Most people have heard of the common “Tennis Elbow” and “Golfer’s Elbow,” but any Joe Schmoe can get it (you don’t have to be a tennis player or golfer).  Tennis Elbow is inflammation of the tendon on the outer side of your elbow, and Golfer’s Elbow is inflammation of the tendon on the inner side of your elbow.  Along the back side of your forearm there are several long muscles that start at a common tendon, which initiates at a bump on the outer side of your elbow, called the Lateral Epicondyle.  Inflammation of this common tendon is medically called “Lateral Epicondylitis.”  The muscles in this part of the forearm run to the back side of your wrist and fingers in order to promote “extension” of the corresponding joints.  Along the inner side of the forearm there are other long muscles that control “flexion” of the wrist and fingers, and they join to form a common tendon that connects in to a bump on the inner part of the elbow, called the Medial Epicondyle.  Inflammation to this tendon is medically termed “Medial Epicondylitis.”
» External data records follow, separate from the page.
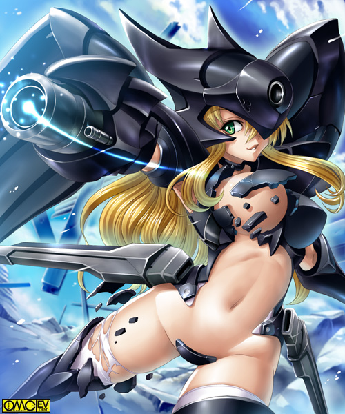 Tags: 1girlsarm cannonblonde hairbreastscurvydamagedfemalefemale onlygreen eyeslarge breastslight traillost clothesmecha musumemidriffpointy chinthighhighstorn clothesweapon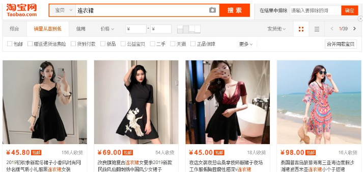 雖然我們搜索連衣裙,會(huì)有上千萬的寶貝。但是我們一定要看到,衣服的的款式、風(fēng)格、品牌、材質(zhì)、每個(gè)人的購買熱點(diǎn)等是非常多樣性的。在這里只有和你相同,相似的寶貝才有可能和你有競(jìng)爭(zhēng)的交集。這樣經(jīng)過篩選后競(jìng)爭(zhēng)對(duì)手會(huì)少很多!我們看下圖,“連衣裙”這個(gè)千萬寶貝的大類目,在我們限制條件之后,我們發(fā)現(xiàn),類似的寶貝已經(jīng)只有39頁。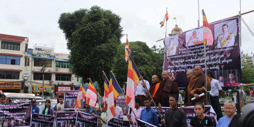 Supporters of two Myanmar migrant workers who have been sentenced to death in Thailand gathered in front of Maha Bandula Park in Yangon on 2 September. They have sent an appeal to the Thai King requesting a royal pardon.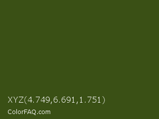 XYZ 4.749,6.691,1.751 Color is a very dark green color and the nearest color is Clover #384910. Hex code #3a5015 and RGB value is rgb(58,80,21). In RGB color space, this color is composed of 23% red, 31% green, 8% blue, In CMYK color space, this color is composed of 28% cyan, 0% magenta, 74% yellow , 69% black , In HSL color space, this color has a hue angle of 82° , 58% saturation and 20% lightness.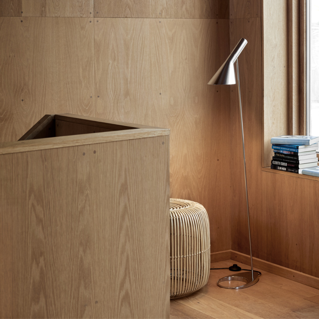Deze vloerlamp van Arne Jacobsen is een "down-lichter" het licht wordt dus hoofdzakelijk naar beneden toe verspreidt .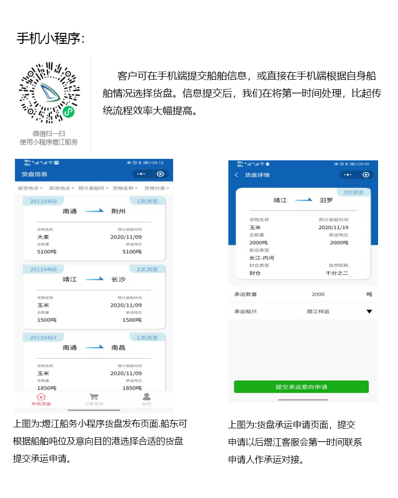 为更好的为广大客户提供优质高效服务,煜江船务围绕客户运营、流程运营、管理运营等三大板块,自主研发并成功上线了在线订舱平台(网页版)以及“煜江船务”手机小程序。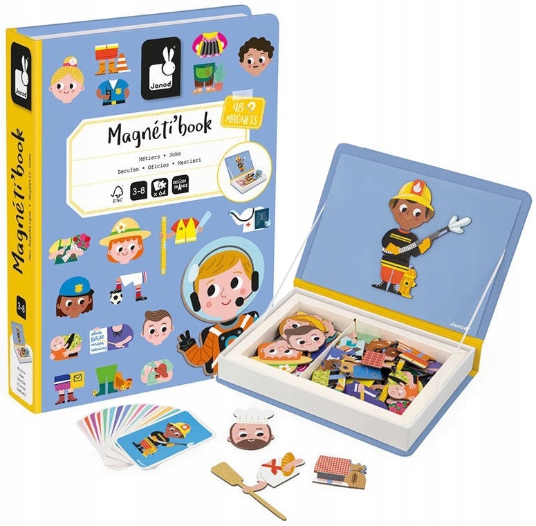 Установленные соревнования из лучшей линии магнитибук содержит 64 красочных магнита с частями тела (головы, туловище, ноги), элементы служебных костюмов и характерные детали (например, шпад, гидрант), необходимых для создания представителей различных профессий, в том числе Baker, Policewomen, Postman, Footbaler, Astronaut, Babyststertsteststers. магниты также позволяют вам организовать совершенно новые изобретенные символы. Два отсека внутри помогают сохранить порядок в магнитах и картах. все выглядит очень эстетически и идеально подходит для подарка.

Both Lateral and Medial Epicondylitis occur when the tendons are overused.  The overuse creates microtrauma to the tissue and inflames it.  If it is not properly treated, the microtrauma can progress to larger tears, and possibly to a tendon rupture.  Also, the microtrauma is much more successful in treating during the initial stages and when it is mild, rather than waiting for it to become severe or chronic.

For Golfer’s Elbow (Medial Epicondylitis), common causes are performing activities that require you to rotate your forearms repetitively (ie, using a screw driver), having to press too hard with your finger or gripping too hard (ie, cleaning duties, holding heavy items for too long).
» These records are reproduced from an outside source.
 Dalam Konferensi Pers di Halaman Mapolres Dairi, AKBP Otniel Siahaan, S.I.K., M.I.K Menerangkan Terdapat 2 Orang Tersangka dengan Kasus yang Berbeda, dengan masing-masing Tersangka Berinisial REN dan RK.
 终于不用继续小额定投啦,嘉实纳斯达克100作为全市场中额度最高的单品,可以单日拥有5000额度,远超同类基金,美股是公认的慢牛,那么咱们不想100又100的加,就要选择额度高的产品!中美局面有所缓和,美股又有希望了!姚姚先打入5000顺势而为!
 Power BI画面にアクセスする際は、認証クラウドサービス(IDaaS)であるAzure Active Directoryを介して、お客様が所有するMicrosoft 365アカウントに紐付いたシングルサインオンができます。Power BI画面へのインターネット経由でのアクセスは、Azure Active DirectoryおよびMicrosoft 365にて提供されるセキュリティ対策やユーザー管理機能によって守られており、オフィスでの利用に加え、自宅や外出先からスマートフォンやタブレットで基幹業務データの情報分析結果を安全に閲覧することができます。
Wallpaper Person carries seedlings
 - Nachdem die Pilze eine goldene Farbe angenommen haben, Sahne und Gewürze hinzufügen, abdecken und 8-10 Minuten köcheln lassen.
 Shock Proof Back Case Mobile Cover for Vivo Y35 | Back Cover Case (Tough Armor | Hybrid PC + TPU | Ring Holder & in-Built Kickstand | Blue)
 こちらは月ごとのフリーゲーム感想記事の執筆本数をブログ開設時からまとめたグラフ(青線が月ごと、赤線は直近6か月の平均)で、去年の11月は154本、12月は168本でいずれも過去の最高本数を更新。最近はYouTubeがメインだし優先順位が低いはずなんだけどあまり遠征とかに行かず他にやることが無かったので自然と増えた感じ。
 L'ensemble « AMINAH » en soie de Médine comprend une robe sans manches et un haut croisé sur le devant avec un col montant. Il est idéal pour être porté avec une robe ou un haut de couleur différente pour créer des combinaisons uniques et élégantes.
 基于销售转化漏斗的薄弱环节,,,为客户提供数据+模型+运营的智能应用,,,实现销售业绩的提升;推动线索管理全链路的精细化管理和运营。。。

For Tennis Elbow (Lateral Epicondylitis), common causes are having to extend your fingers or wrist too much (ie, typing, texting), or gripping to hard (when you grip something heavy, not only do you use the muscles that close your fingers, but you also use the muscles that extend your wrist).
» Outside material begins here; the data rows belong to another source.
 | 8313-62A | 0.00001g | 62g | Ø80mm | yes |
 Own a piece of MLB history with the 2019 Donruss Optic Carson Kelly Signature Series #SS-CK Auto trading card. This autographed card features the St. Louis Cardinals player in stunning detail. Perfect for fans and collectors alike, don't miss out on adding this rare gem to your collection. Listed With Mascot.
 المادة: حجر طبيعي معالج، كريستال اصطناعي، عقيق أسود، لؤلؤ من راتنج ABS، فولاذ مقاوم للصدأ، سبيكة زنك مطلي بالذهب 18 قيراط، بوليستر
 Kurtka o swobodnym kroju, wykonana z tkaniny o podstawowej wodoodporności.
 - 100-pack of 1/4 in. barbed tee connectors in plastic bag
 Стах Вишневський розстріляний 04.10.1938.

When pain in the elbow first starts to become noticeable, you should consult with your medical doctor if anti-inflammatories are ok for you to take.  You should also ice the area and rest it from the activity that you believe to be causing the pain.  Secondly, it would be best to consult with a Physical Therapist, or someone who studies body mechanics, to better assess why and how you’ve been developing tendinitis so you can better treat it and prevent it from reoccurring.